Ibovespa: 74.956 (+7,50%)
BR$/US$: 5,03 (-0,96%)
DI Jan/27:8,35% (-81 bps)
S&P 500: 2.475 (+1,15%)

Fonte: Bloomberg. Obs.: a taxa de câmbio utilizada é a referência da Bloomberg

MAIORES ALTAS:

GOLL4: R$ 10,94 (+35,06%)
BRKM5: R$ 15,02 (+31,75%)
RENT3: R$ 34,47 (+26,82%)

MAIORES BAIXAS:

CRFB3: R$ 20,85 (-4,36%)
PCAR3: R$ 70,00 (-2,78%)
VIVT4: R$ 47,06 (-1,79%)


CENÁRIO EXTERNO:

Mercados… Ativos de risco globais deram sequência aos movimentos de alta verificados ao longo das negociações de ontem. O acordo costurado entre Democratas e Republicanos dentro do Senado americano no que tange à implementação de um ambicioso pacote fiscal promoveu um alívio maior entre investidores. O índice de volatilidade, Vix, do S&P, que serve como um termômetro para o “medo” nos mercados americanos operou em queda ao longo do pregão. Ao passo que o estímulo fiscal americano passa a ser incorporado nos preços, porém, seu efeito positivo se dissipará ao longo do tempo. Assim sendo, o único fator que pode promover alívios subsequentes será algum avanço significativo no que se refere à contenção na taxa de crescimento dos infectados pelo Covid-19 ao redor do globo.

Economia americana… Os pedidos de bens duráveis para o mês de feveriero, importante indicador de atividade econômica, continuou pintando uma imagem favorável para a economia americana ao crescer 1,2%. O avanço foi puxado principalmente por uma aquecida demanda por bens de transporte. Não obstante, como no mês de fevereiro o Covid-19 ainda não havia surtido efeito relevante sobre a atividade, o dado fica praticamente obsoleto para ilustrar o estado atual da economia americana. Desta forma, investidores se atentarão á divulgação dos dados de março, que devem, como o Índice de Gerentes de Compra (PMI, na sigla em inglês) já tem feito, indicar uma contração relevante da maior economia do mundo no 1S20.

 


BRASIL:

Mercados… Assim como no exterior, o Ibovespa seguiu em frente com a dinâmica altista de ontem e encerrou o pregão em território positivo. As melhoras dos ânimos importados do exterior foram suficientes para reviver o apetite pelo risco no mercado local. A divulgação do volume no setor de serviços, que cresceu 0,6% em janeiro, também teve contribuição marginal. No mercado cambial, o real também se beneficiou da dinâmica menos avessa ao risco, e a cotação do dólar voltou a cair momentaneamente abaixo do limiar psicológico de R$ 5,00. Esta leve melhora na percepção de risco também surtiu efeito sobre a curva de juros, com investidores devolvendo parte dos prêmios que vinham sendo embutidos outrora. O CDS de cinco anos, métrica de risco país, também caiu, porém segue sendo negociado em patamares notavelmente altos em relação aos que vinham sendo verificados no início de 2020.

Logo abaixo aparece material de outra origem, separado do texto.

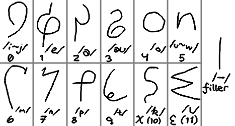 The yama-pali-auk script, and a brief summary what each of the characters can mean.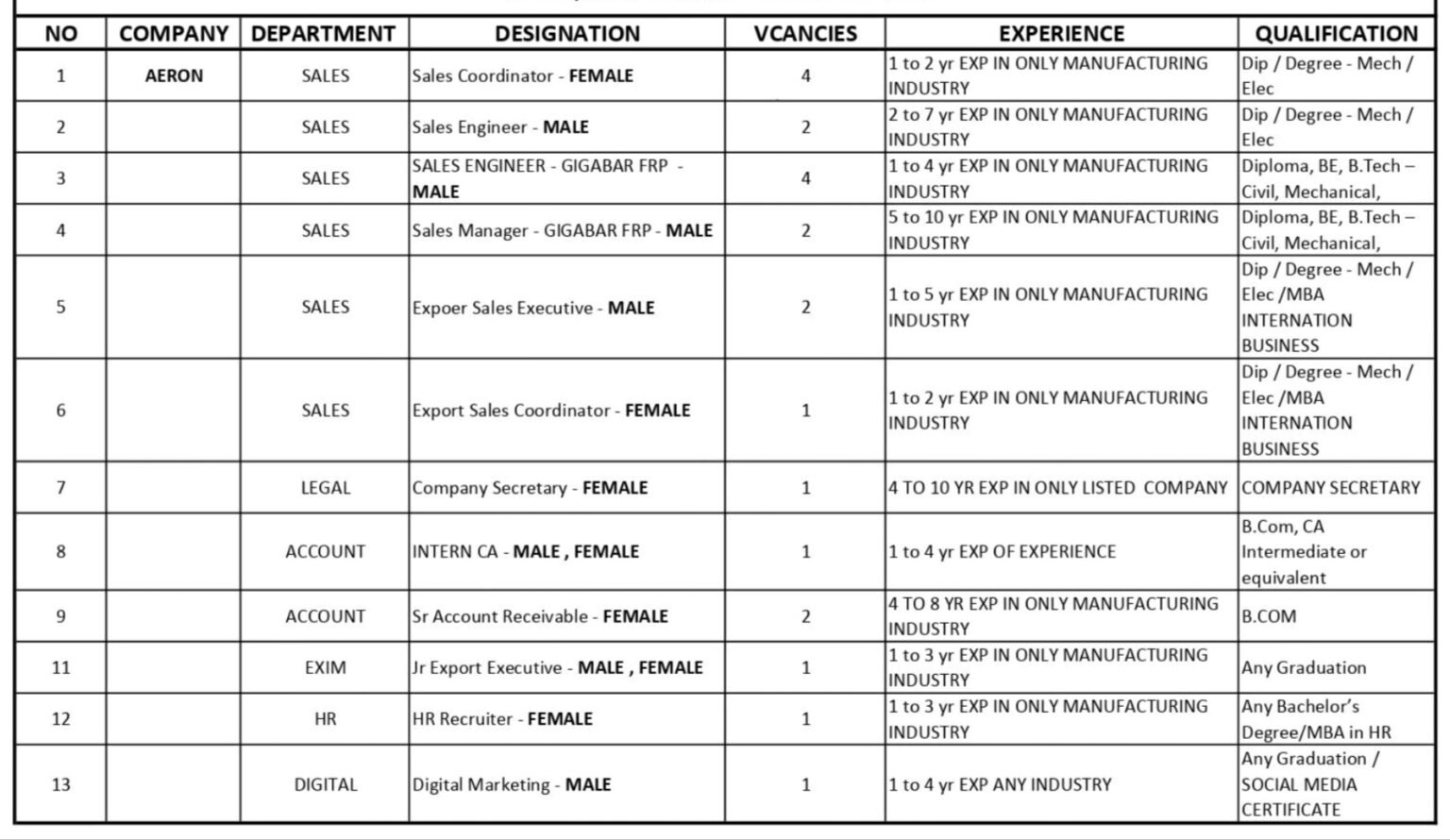 Aeron Composite Walk In Interview 2025 | Sales Engineer, Sales Coordinator & Others | Diploma / Degree | November 2025 |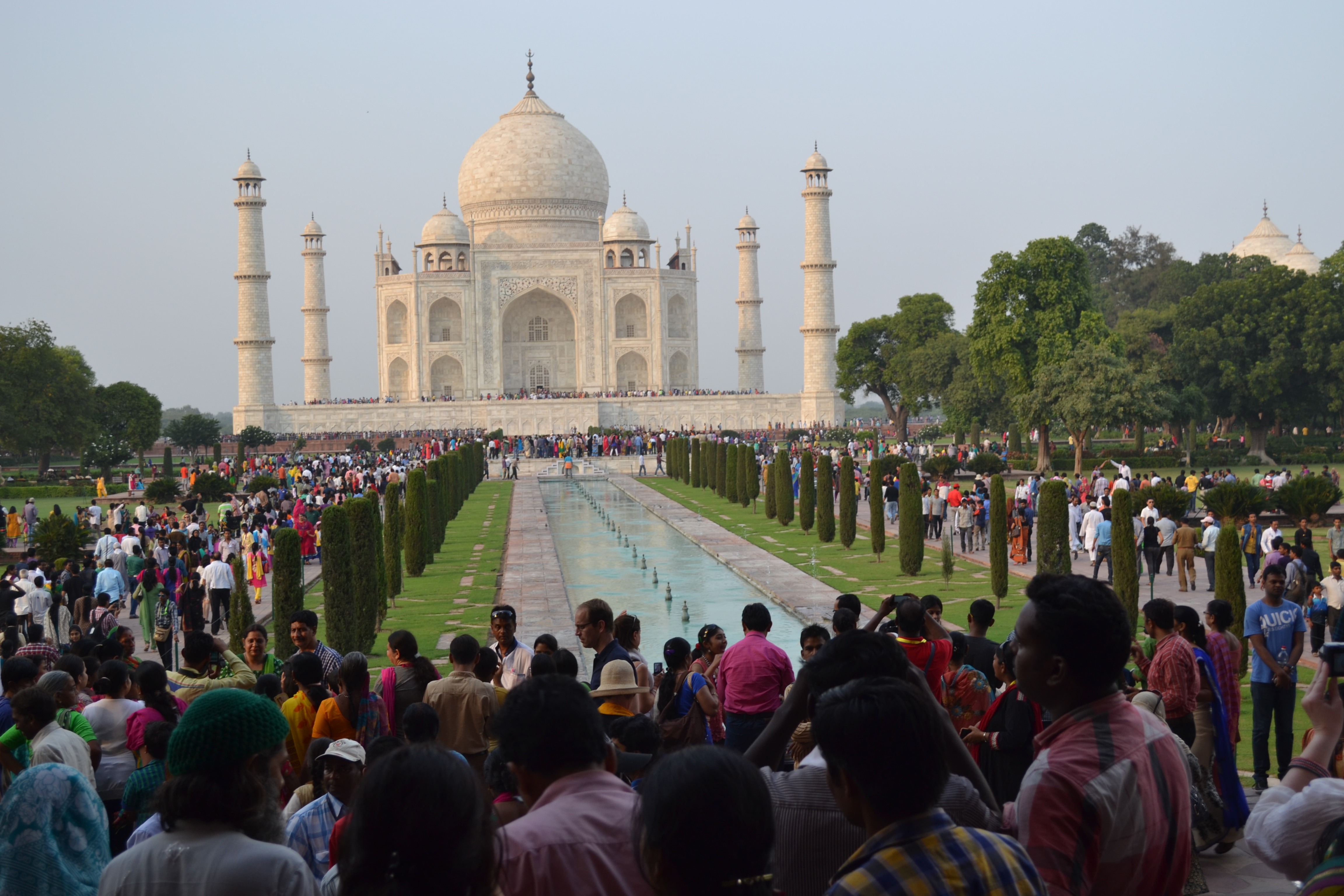 Peale lõunal tundsime me veel ennast väga hästi ning olime jälle korralikud turistid kaamerad kaenlas ning vaim valmis. Taj Mahali pilet maksab 750 INR ning see sisaldab ka tasuta sõitu piletikassast Taj Mahalini ja tagasi, pudel vett ja haiglasusse. Taj Mahalis ei pidanud me oma susse ukse taha jätma, sest sealset rahvamassi arvestades oleks vist väike tõenäosus need pärast tagasi saada.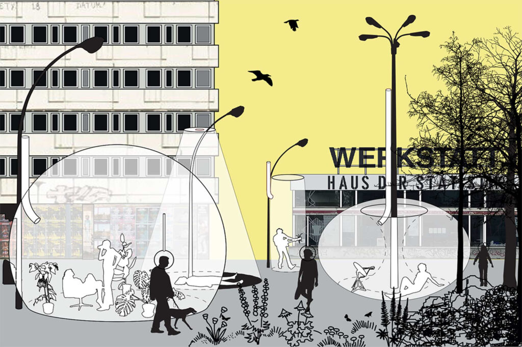 Die Künstler*innen reflektieren dabei aktuelle gesellschaftspolitische Tendenzen und entwerfen dystopisch bis optimistisch Visionen unserer Zukunft.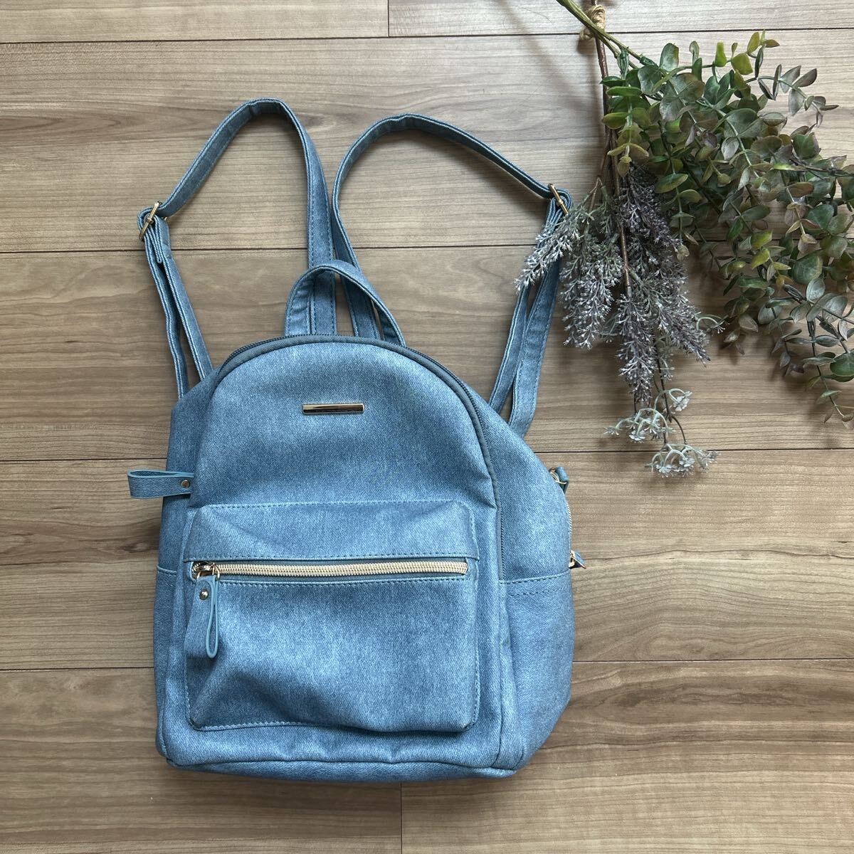 - ライトブルー デニム風リュック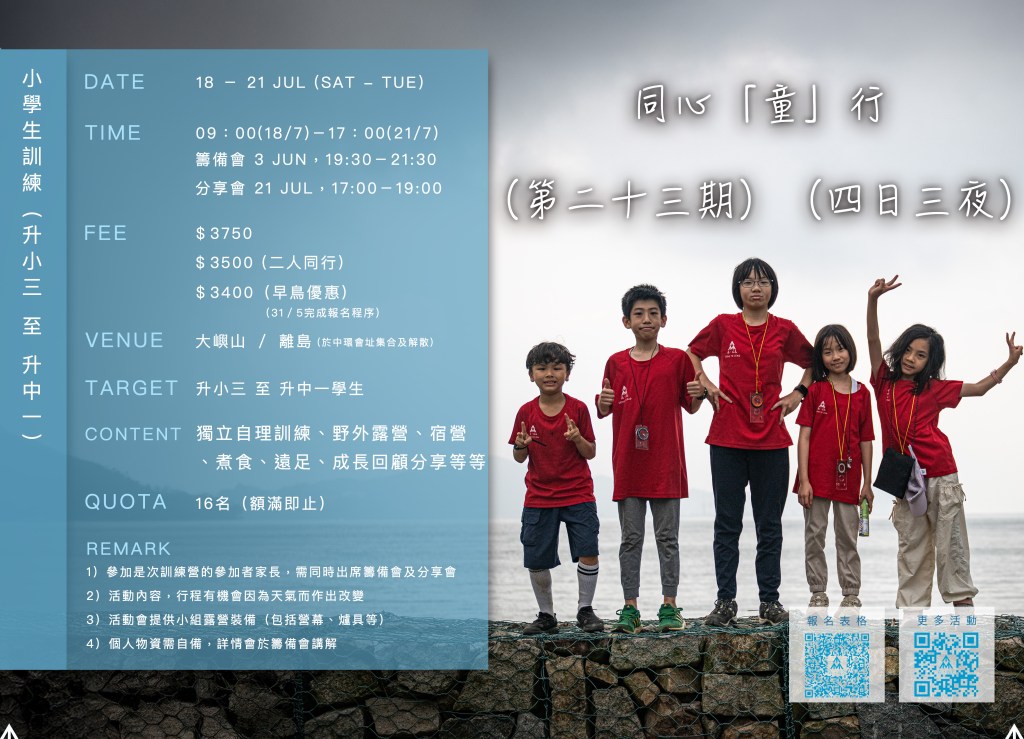 | 備註 | 1)參加是次訓練營的參加者家長,須同時出席 7 月 2 日晚上之籌備會及 7 月 21 日黃昏之分享會 2)活動內容、行程有機會因為天氣而作出改變 3)活動會提供小組露營裝備(包括營幕、爐具等) 4)個人物資須自備,詳情會於籌備會講解 |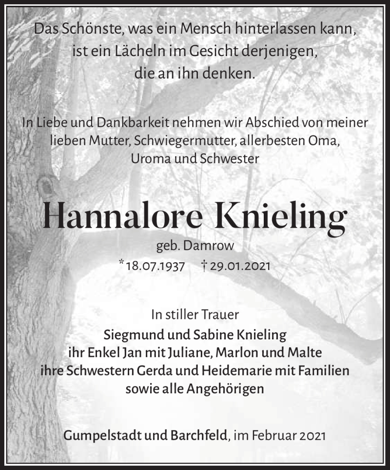 Hier finden Sie alle Traueranzeigen aus der Zeitung, die bisher für Hannalore Knieling erschienen sind. Weitere Traueranzeigen, die in der Zeitung erscheinen, werden hier ebenfalls aufgelistet
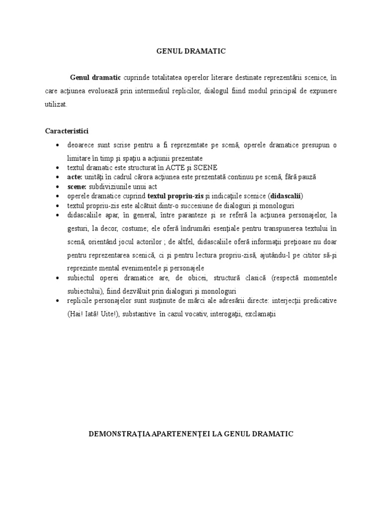 DEMONSTRAŢIA APARTENENŢEI LA GENUL DRAMATIC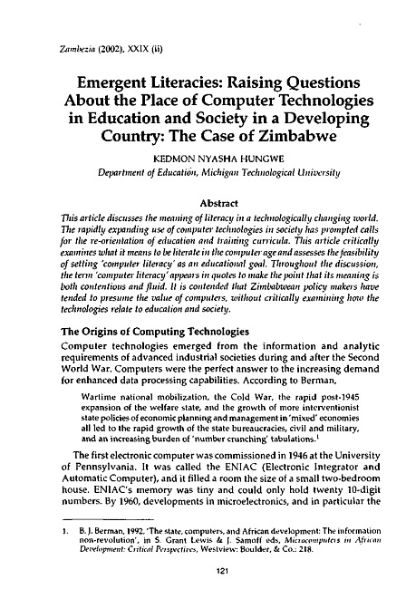 This article discusses the meaning of literacy in a technologically changing world. The rapidly expanding use of computer technologies in society has prompted calls for the re-orientation of education and training curricula. This article critically examines what it means to be literate in the computer age and assesses the feasibility of setting "computer literacy" as an educational goal. Throughout the discussion, the term "computer literacy" appears in quotes to make the point that its meaning is both contentious and fluid. It is contended that Zimbabwean policy makers have tended to presume the value of computers, without critically examining how the technologies relate to education and society.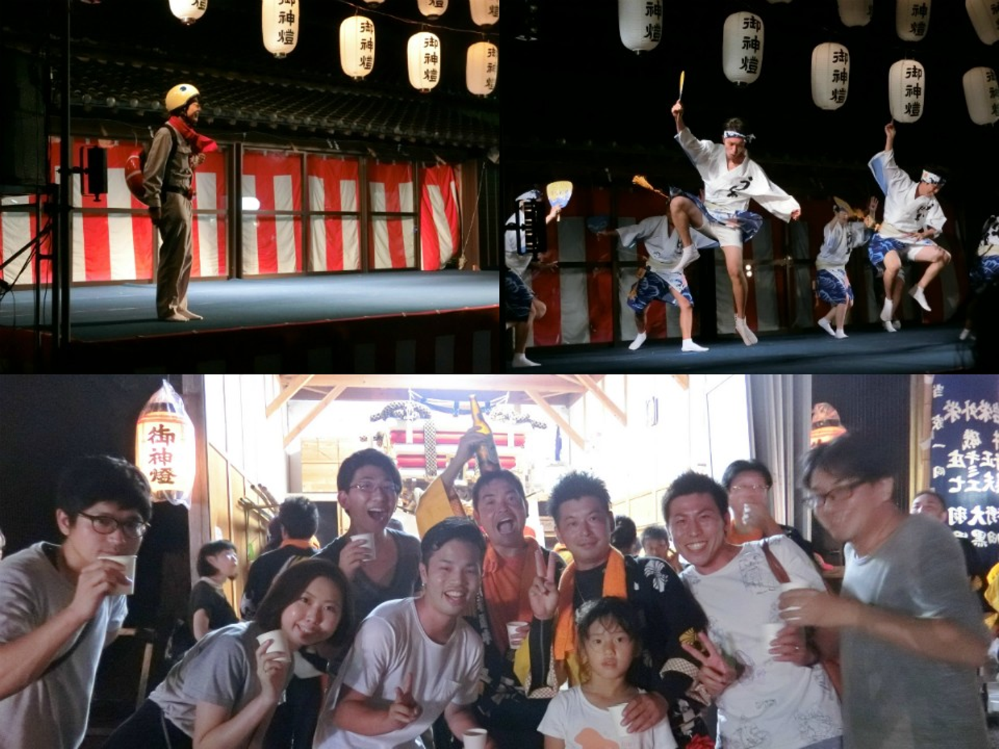 境内では、阿波踊りなどの奉納演芸や子供相撲や花火を楽しみました。また、ヒトカラメンバーが参加させていただく戎町の皆さんにもご挨拶をさせていただきました。お会いするのは1年ぶりの皆様とひたすら乾杯。みんな顔が真っ赤です・・!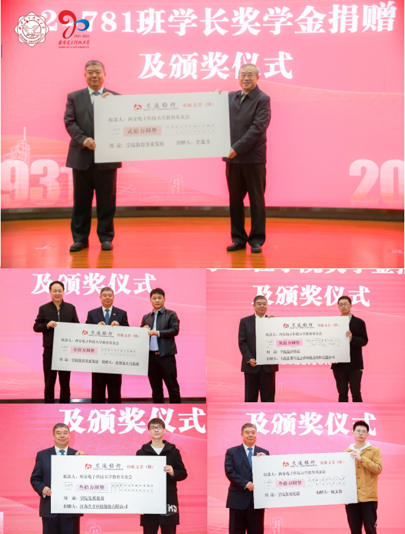 捐贈儀式分別由2-781班校友代表、貴州龍頭馬集團代表、何文偉校友、江蘇肯立科技股份有限公司代表、上海霍萊沃電子系統技術股份有限公司代表上臺向學校贈送支票牌,由楊銀堂為企業代表和個人頒發證書。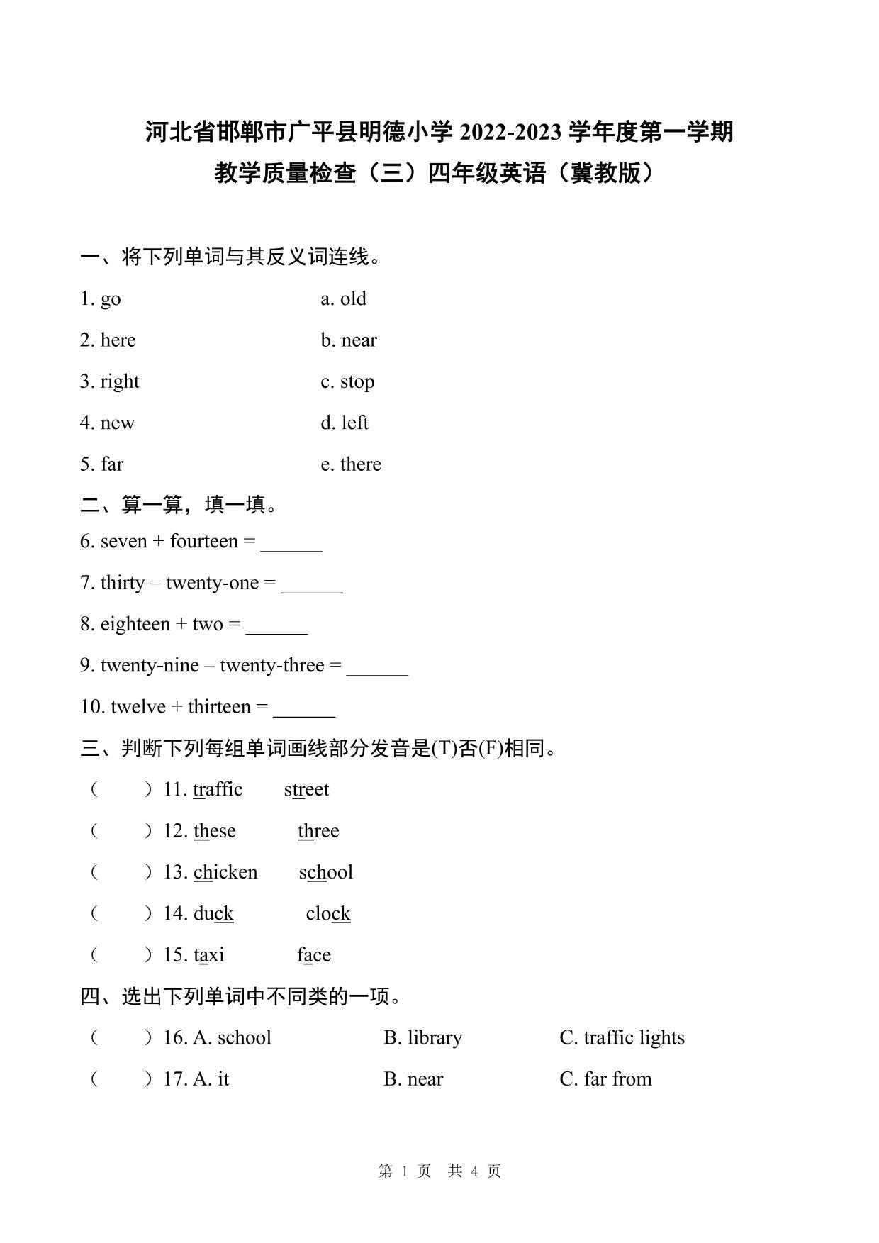 河北省邯郸市广平县明德小学2022-2023学年度第一学期教学质量检测(三)四年级英语(冀教版)【无听力音频】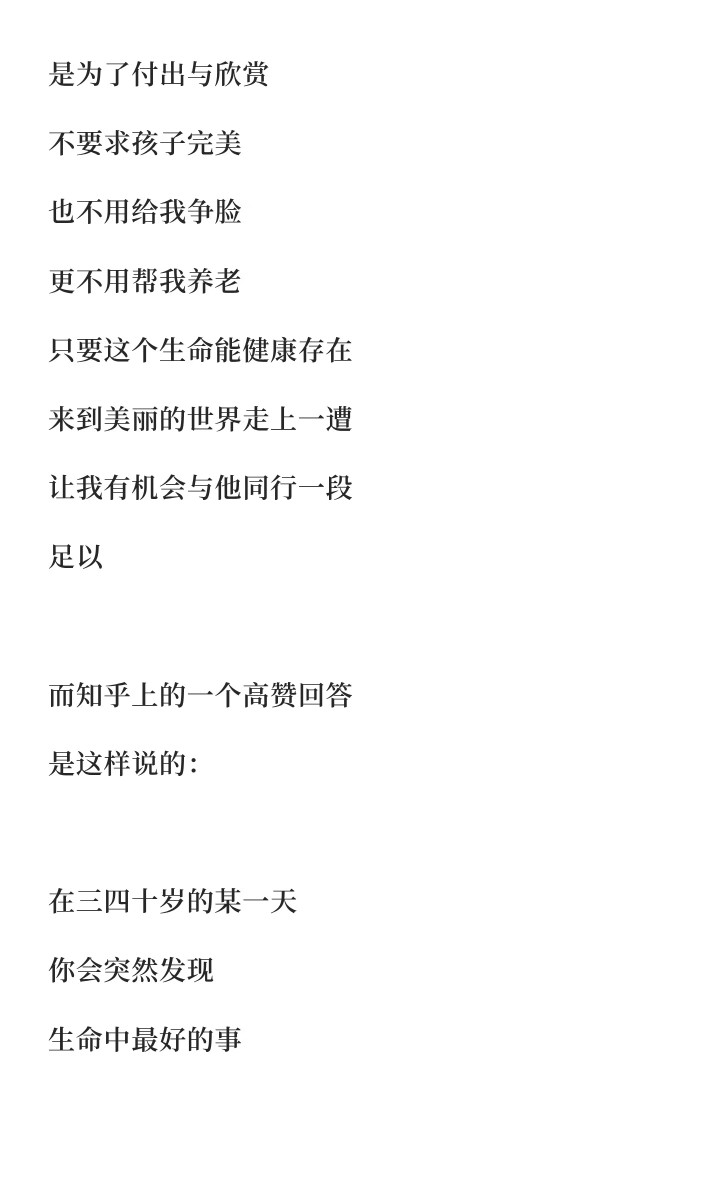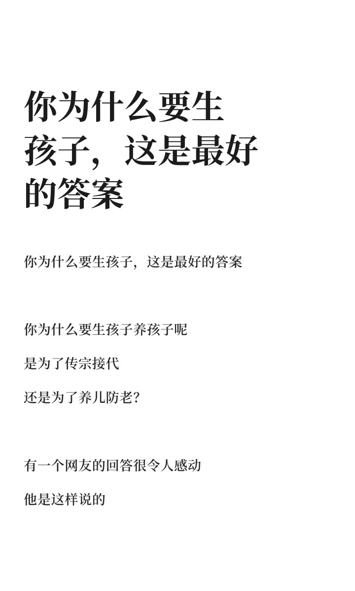 不是为了传宗接代,不是为了养儿防老,以致不是因为“到了该生的年龄”。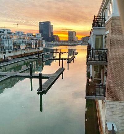 The best of city living on the water, all in a gated community. Five meticulously maintained floors with views of the water from every level. All levels accessible by elevator. Generous size his/her walk-in closets & MSTR lvl laundry. Skyline and water views from the spacious private roof deck.Balcony off every level.2 Car garage w/large storage closet and 2 car parking pad.

Atividade econômica… Como mencionado anteriormente, o setor de serviços expandiu em 0,60% no mês de janeiro, impulsionado principalmente pelo avanço nos transportes, refletindo parcialmente os spill-overs positivos da melhora verificada para a indústria período. Há de se lembrar, porém, que como o dado faz referência ao mês de janeiro, não captura os efeitos recessivos da atual crise. Os dados de março, ao contemplar tal fato, devem sofrer uma deterioração relevante. Comentamos o dado mais a fundo no nosso Flash Macro.

Inflação… O Índice de Preços ao Consumidor Amplo quinzenal (IPCA-15) demonstrou um ligeiro avanço de 0,02% em março, o menor avanço para o mês desde a implementação do Plano Real. De interessante, pudemos observas que os impactos deflacionários advindos da crise do Covid-19 já se fazem sentir sobre a dinâmica de preços da economia. Itens como passagens aéreas e combustíveis já sofreram uma queda acentuada. O primeiro caiu 16,88%, logicamente em função da reduzida demanda por voos no atual quadro de pandemia, enquanto que o segundo caiu 1,19%, repercutindo a queda na cotação internacional do petróleo, este devido tanto ao choque negativo de demanda por causa do Covid-19 quanto ao choque positivo de oferta derivado a partir à guerra de preços que está sendo travada atualmente entre Rússia e Arábia Saudita.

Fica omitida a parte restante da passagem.